Modeling a Pandemic


Modeling a Pandemic 

Aim: To explain how any infection spreads creating a pandemic (the worldwide spread of a new disease)

Complexity & duration: Low; 10-15 minutes

Location: Inside

Cost: < £5

Materials & Equipment: Transparent cups (at least 2), water, bicarbonate soda (baking soda), red food colouring agent (containing: Anthocyanin), gloves


Procedure: 

Cup 1: Mix 1 spoonful of baking soda with one cup of normal water to get a clear transparent solution. This represents our healthy population. You can have more of these cups to represent different countries and make this more interesting.

Cup 2: Mix 2-3 drops of red food colouring agent (containing anthocyanin) to half a cup of water. This light red solution represents the infected population. Alternatively, you can make your own red colour solution by pouring boiling water into a cup of chopped red cabbage leaves or red beetroot and straining it to obtain a warm red juice to be used here.

Slowly add the red solution (cup 2) to the clear transparent solution (cup 1) to mimic the mixing of infected population with the healthy population.

What did you observe?

Learning outcomes:

  • This experiment gives a visual analogy of how an infection spreads due to contact between people and how social distancing (keeping the infected and healthy populations apart) is important to reduce the spread of infection.

You can try using various other edible items from your kitchen to see how the colour changes for this experiment (https://sciencenotes.org/edible-ph-indicators-from-your-kitchen-and-garden/).

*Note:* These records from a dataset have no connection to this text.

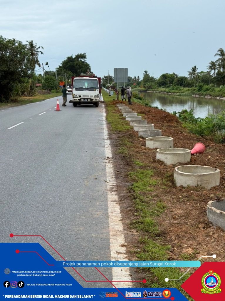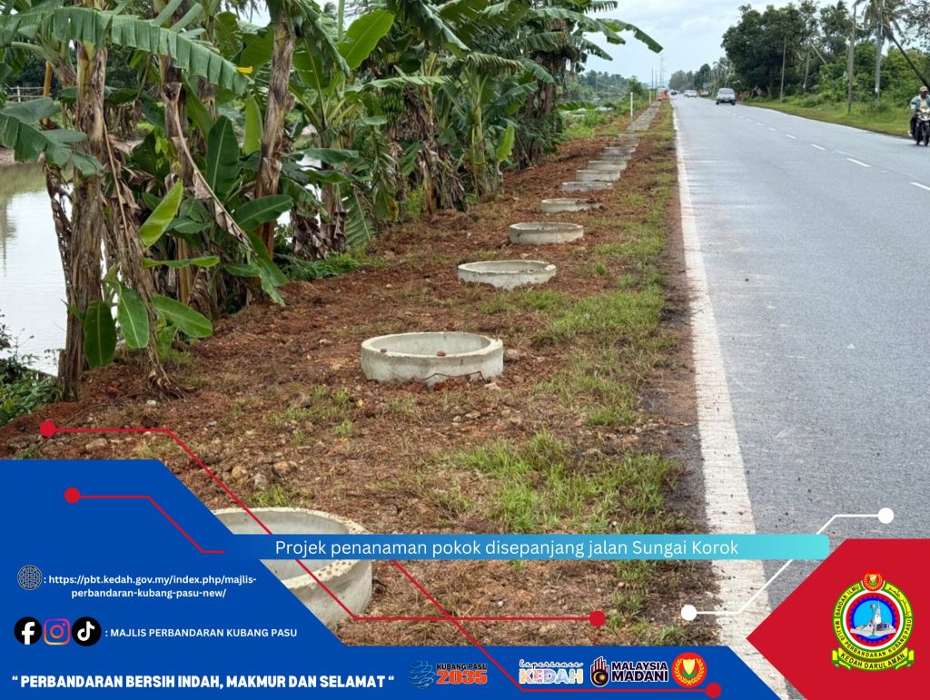 Projek penanaman pokok di sepanjang Jalan Sungai Korok (K2) yang dikendalikan oleh Majlis Perbandaran Kubang Pasu (MPKP) kini giat dilaksanakan oleh kontraktor yang dilantik. Inisiatif penghijauan ini bertujuan bukan sahaja untuk mencantikkan pemandangan di sepanjang laluan utama tersebut, tetapi yang lebih penting, ia merupakan langkah kritikal dalam usaha memelihara tebing Sungai Korok.
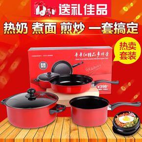 厂家直销韩式不粘无油烟炒锅燃气电磁炉通用礼品套装锅...
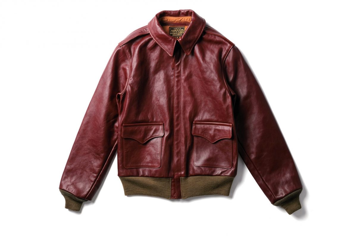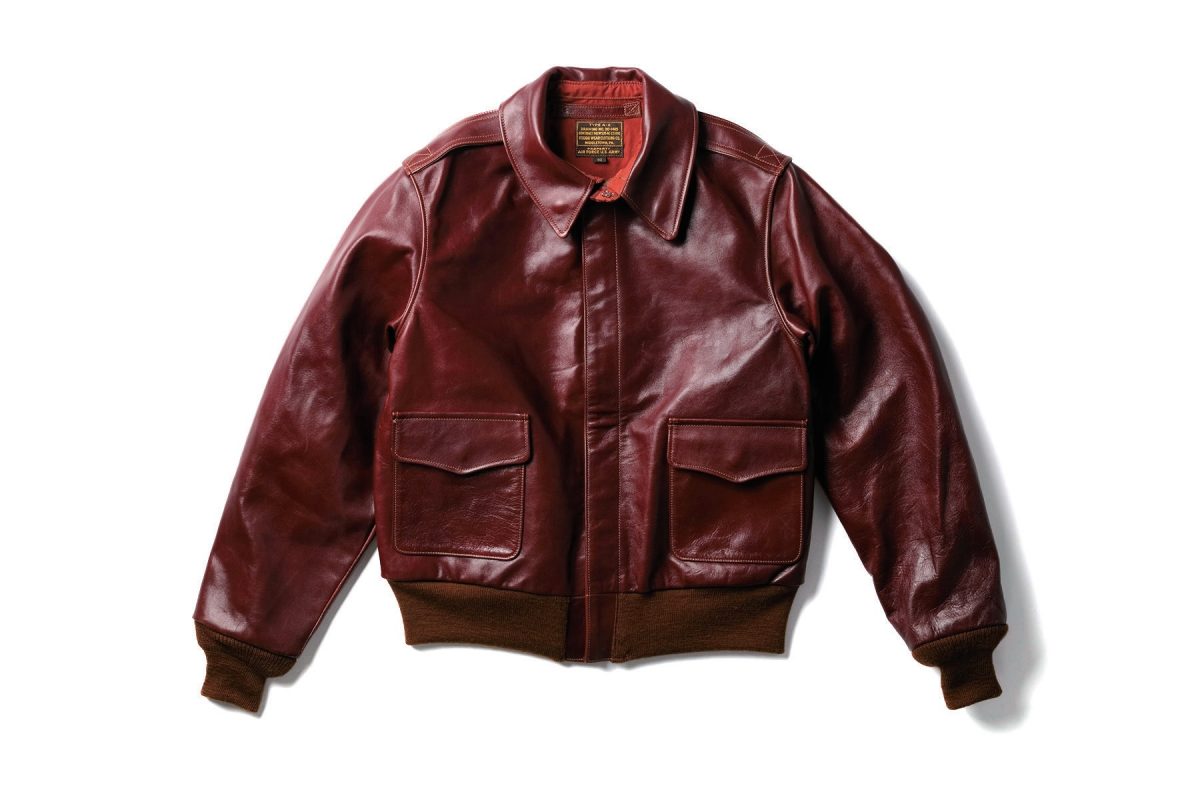 数あるA-2のコントラクターの中でも最多の契約回数を誇るエアロレザーの6契約目の最後期型のモデルがモチーフ。台襟は省略され、またレンガ色のニットパーツ、通称“赤リブ”が付けられているのが特徴だ。ボディのシールブラウンと赤リブの対比が美しく、人気が高い。18万4800円(バズリクソンズ TEL03-3632-2321)
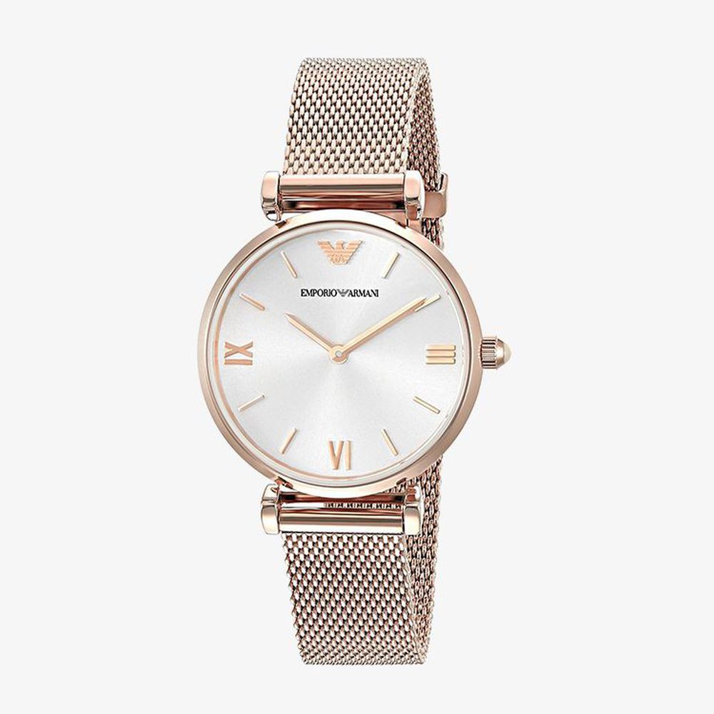 Emporio Armani นาฬิกาข้อมือผู้หญิง Retro Silver Dial Rose Gold รุ่น AR1956
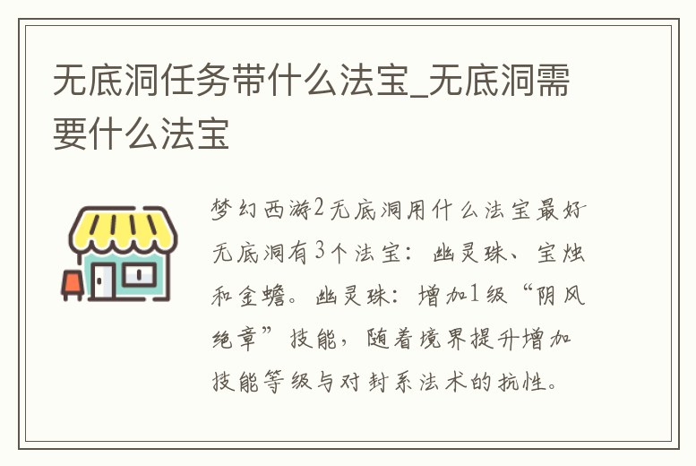 問題三:夢幻西游109無底洞帶什么法寶 個(gè)人感覺,金蟾和寶燭是需要的,另外法寶,看你需要,要是速度不夠就風(fēng)袋,要是速度夠了,帶個(gè)金甲。問題四:夢幻西游129無底洞帶什么法寶 門派法寶啊,PK的話帶風(fēng)帶,也可以帶碧玉。

Science fact: The baking soda mixed with water forms an alkaline solution (colourless). Addition of the red colouring agent changes the solution to dark blue instead of red since the anthocyanin in the colouring agent used here acts as a pH indicator. The pH of baking soda is around 8.3. 

RISK ASSESSMENT

Adult supervision is required for any experiment!

HAZARD

Likelihood and Seriousness of Injury

Control Measures

Remaining Risk

Baking soda

Can get into the eyes or nose or mouth

Be careful when putting baking soda, remain at a distance. Do not breath in while adding. If baking soda gets into the eye, flush eyes with plenty of water. 

Low

Food colouring

Can get into the eyes

Be careful not to touch eyes with fingers. If soap gets into the eye wash with plenty of water.

Low

 

First Aid: If baking soda gets in contact with the eyes flush them with plenty of water; if it comes in contact with your skin, wash with plenty of soap and water; if inhaled, move the individual immediately to an area with fresh air; if ingested, drink plenty of water. Seek medical attention if irritation or discomfort persists in any of these cases.

Remember - never do experiments alone!